我使用WebRequest.Create
的第一个版本发现了与WebClient.DownloadFileAsync
相同的问题。操作超时,文件未完成。
如果下载超时,我的下一个版本会添加重试次数。这是奇怪的。下载最终完成1次重试以完成最后7092字节。因此,文件的下载大小完全相同但文件已损坏且与源文件不同。现在我希望腐败在最后7092字节,但事实并非如此。
使用BeyondCompare我发现损坏的文件中缺少2个字节块,总计缺少7092个字节!这个缺失的字节位于1CA49FF0
和1E31F380
,在下载超时并重新启动之前。
这可能会发生什么?有关如何进一步追踪此问题的任何提示?
以下是相关代码。
public void DownloadFile(string sourceUri, string destinationPath)
{
//roughly based on: http://stackoverflow.com/questions/2269607/how-to-programmatically-download-a-large-file-in-c-sharp
//not using WebClient.DownloadFileAsync as it seems to stall out on large files rarely for unknown reasons.
using (var fileStream = File.Open(destinationPath, FileMode.Create, FileAccess.Write, FileShare.Read))
{
long totalBytesToReceive = 0;
long totalBytesReceived = 0;
int attemptCount = 0;
bool isFinished = false;
while (!isFinished)
{
attemptCount += 1;
if (attemptCount > 10)
{
throw new InvalidOperationException("Too many attempts to download. Aborting.");
}
try
{
var request = (HttpWebRequest)WebRequest.Create(sourceUri);
request.Proxy = null;//http://stackoverflow.com/questions/754333/why-is-this-webrequest-code-slow/935728#935728
_log.AddInformation("Request #{0}.", attemptCount);
//continue downloading from last attempt.

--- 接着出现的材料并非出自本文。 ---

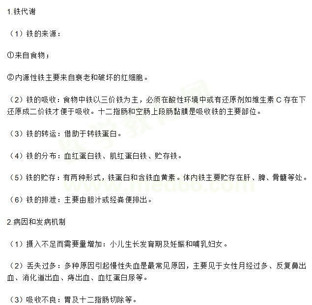 缺鐵性貧血—鄉(xiāng)村全科助理血液系統(tǒng)考點
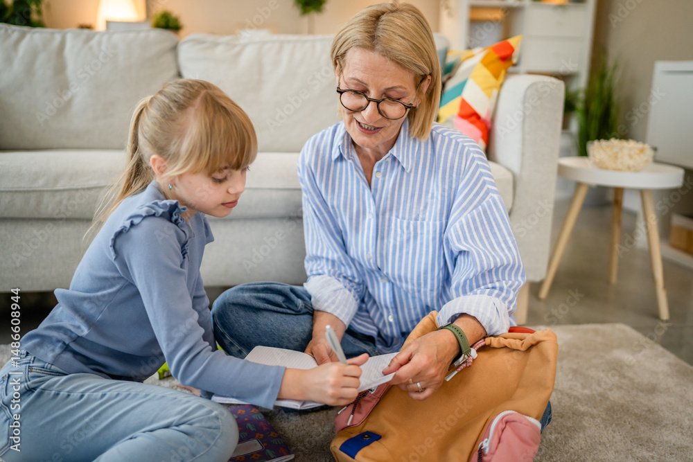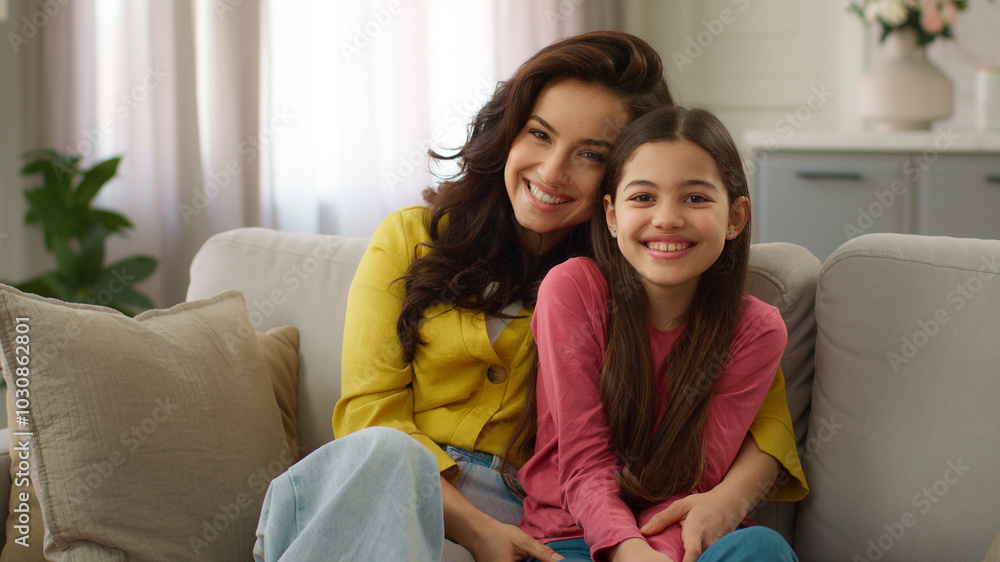 Happy cheerful family portrait Caucasian smiling single mother woman female mom hugging embrace little girl kid daughter looking at camera resting together inside apartment. Parent and child bonding

if (totalBytesReceived != 0)
{
_log.AddInformation("Request resuming with range: {0} , {1}", totalBytesReceived, totalBytesToReceive);
request.AddRange(totalBytesReceived, totalBytesToReceive);
}
using (var response = request.GetResponse())
{
_log.AddInformation("Received response. ContentLength={0} , ContentType={1}", response.ContentLength, response.ContentType);
if (totalBytesToReceive == 0)
{
totalBytesToReceive = response.ContentLength;
}
using (var responseStream = response.GetResponseStream())
{
_log.AddInformation("Beginning read of response stream.");
var buffer = new byte[4096];
int bytesRead = responseStream.Read(buffer, 0, buffer.Length);
while (bytesRead > 0)
{
fileStream.Write(buffer, 0, bytesRead);
totalBytesReceived += bytesRead;
bytesRead = responseStream.Read(buffer, 0, buffer.Length);
}
_log.AddInformation("Finished read of response stream.");
}
}
_log.AddInformation("Finished downloading file.");
isFinished = true;
}
catch (Exception ex)
{
_log.AddInformation("Response raised exception ({0}). {1}", ex.GetType(), ex.Message);
}
}
}
}
以下是损坏下载的日志输出:
Request #1.
Received response. ContentLength=939302925 , ContentType=application/zip
Beginning read of response stream.
Response raised exception (System.Net.WebException). The operation has timed out.
Request #2.
Request resuming with range: 939295833 , 939302925
Received response. ContentLength=7092 , ContentType=application/zip
Beginning read of response stream.
Finished read of response stream.
Finished downloading file.
答案 0 :(得分:1)
这是我经常使用的方法,到目前为止,我还没有让你失败,因为你需要同样的负载。尝试使用我的代码更改你的代码,看看是否有帮助。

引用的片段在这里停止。